Tracker 2.0 -- The Evolution of Tracker & Solutions to its Core Problems

@dinos and @jononomo and others that have found fault with forum post length, this should please. Below is my “thin forum post summary” for my “fat medium article” linked to at the bottom:


The problem with Tracker is one thing (and by proxy, if we are being honest, the true problem with Blaze!):

  • tracker re-runs functions many times more than they need to be re-run (which is the sole cause of Blaze rendering jankiness!).

and a fair fight would be “Tracker 2.0” vs. Redux, and what Tracker 2.0 would have fixed is:

  • re-runs only occur if the precise dependent data utilized changes, not just because dependency.changed() was called
  • “property-level cursors” that automatically populate the fields option, eg: post.title within Spacebars automatically makes your fields option become: Posts.find(selector, {fields: {title: 1}})
  • an options param to Tracker.autorun(func, options) to further constrain what triggers re-runs. Helper methods could achieve something similar by wrapping your methods with a call that assigns options before assigning them.
  • once re-runs don’t run more than they have to, snapshotting Minimongo and ReactiveDict become a real option, and we can time travel (even if Minimongo is made of mutable state)
  • we need a Chrome devtools extension to visualize tracker dependencies between functions (graph diagram) as well as a 2nd visualization that depicts the stack frame of dependent autoruns sequentially.
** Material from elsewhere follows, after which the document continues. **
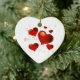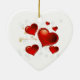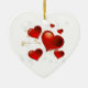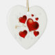 This Valentine ornament is shown in a heart shape with a red hearts print.

Picture “branches” of the graph highlighting as they update similar to the React devtools for components. Now you would know exactly what your autoruns are doing! We shoulda had this long long ago!! It should be similar to this execution visualizer for RxJS:

The in depth exposition, i.e. THE FAT MEDIUM ARTICLE is here:


I don’t know, maybe we can all pool our resources together and fund James so he can get started on all the following projects?

Tracker 2.0
Blaze 2.0
Meteor specific Code-Splitting



Does bitcoin work or should I accept paypal too?


I was only half way kidding.

If there seemed to be support in Meteor community to come together and create a managed pool of resources for things such as this, I would volunteer for the board and contribute.

Heck, I’d start a Meteor non-profit if others are interested for this purpose. Have a board of directors to manage the funds and allocate for projects such as the above.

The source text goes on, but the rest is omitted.